Unit Testing the Ranker
// HARDENED: Application-layer ranking is fully unit-testable
// No OpenSearch instance required
@Test
void preferredVersionBoostedAboveOtherVersions() {
var prefs = new UserPreferences("v3.0",
Map.of("guide", 1.0, "api-ref", 0.8));
var v3Doc = new Candidate(docWithVersion("v3.0", 100), 10.0);
var v2Doc = new Candidate(docWithVersion("v2.0", 100), 10.0);
var context = new SearchContext("tenant-1", "user-1",
"authentication", 10);
var results = ranker.rerank(List.of(v3Doc, v2Doc), context);
assertTrue(results.get(0).doc().version().equals("v3.0"),
"v3.0 doc should rank higher due to version preference");
}
The Measurement
Query complexity and testability comparison:
| Aspect | All-in-OpenSearch | Two-Phase |
|---|---|---|
| Query DSL complexity | 200 lines | 15 lines |
| Scoring signals | Limited to indexed fields | Any data source |
| Unit testable | No (requires cluster) | Yes |
| Deploy scoring changes | Index template update | Application deploy |
| Personalization | Painful (script per user) | Native (user context) |
| Latency (p50) | 35ms (1 phase) | 28ms (retrieval) + 2ms (rerank) = 30ms |
The Decision Rule
Move ranking logic from OpenSearch to the application layer when the scoring depends on user context (preferences, history, session), A/B test variants, or signals from external services (feature store, recommendation engine).
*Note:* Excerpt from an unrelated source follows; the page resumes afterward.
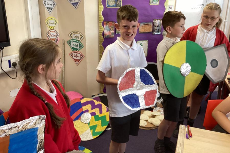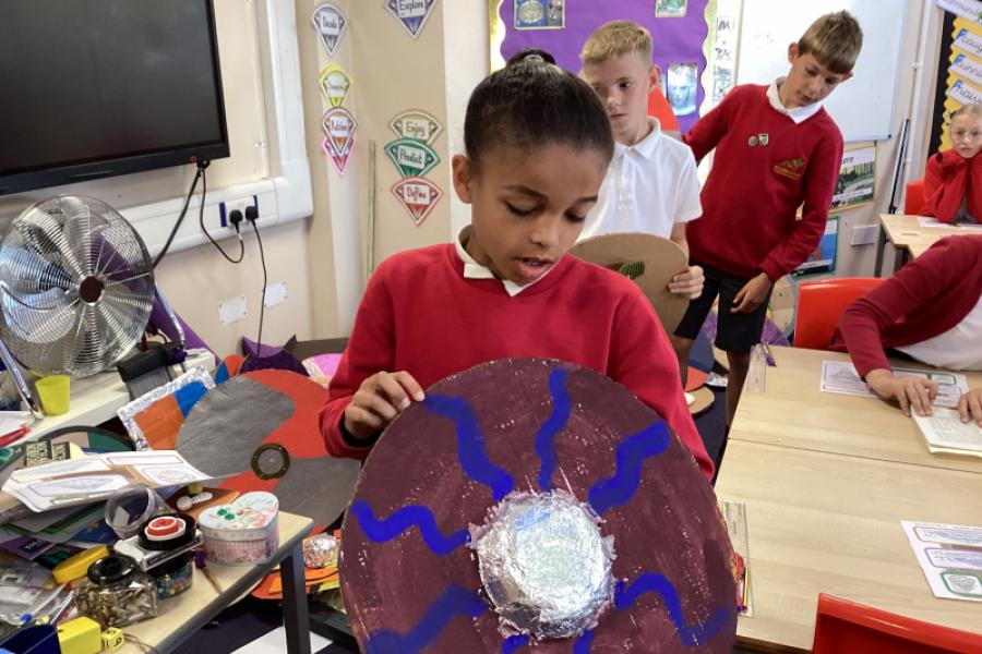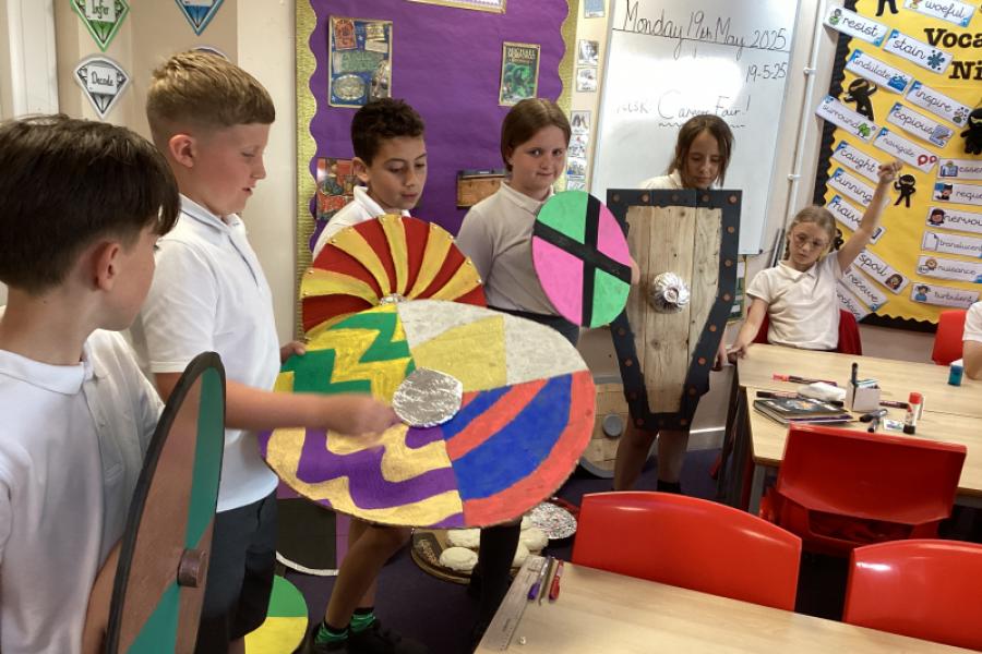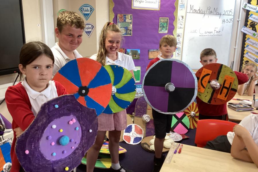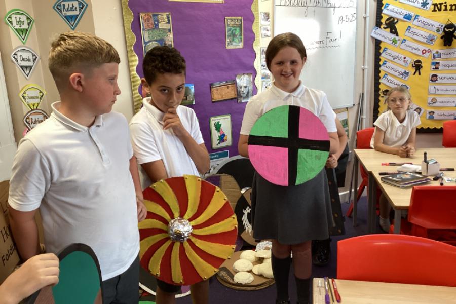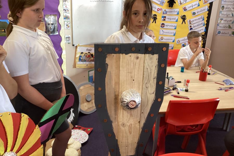 Year 5 excelled themselves last half term by creating their own amazing Anglo-Saxon shields! What an amazing array of shields! We even had a delicious shield cake which we shared with the class! After presentng their creations, we had some fun outside, makimg shield formations in groups! Our final task was to re-enact an exciting battle charge between two armies! I am pleased to say there were no injuries in the battle - we had great fun! Mrs Blomeley
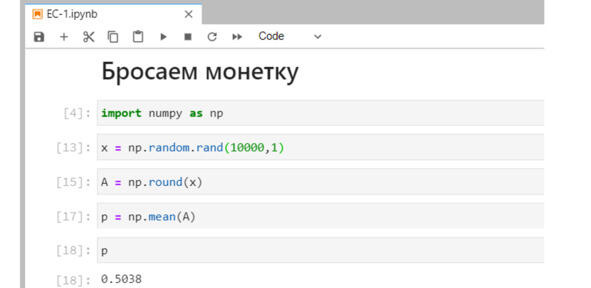 В результате мы тоже получили оценку вероятности около 0,5. И тоже с небольшой погрешностью. И эта случайность тоже заметна при многократном повторении опыта.

Keep the OpenSearch query simple: BM25 text matching plus filters. The inverted index is optimized for text matching. Business logic scoring in Painless scripts fights against this optimization.
Retrieve 10-20x more candidates than the final result page size. A candidate pool of 200 for a page size of 10 provides sufficient diversity for the reranker to reorder without missing relevant documents.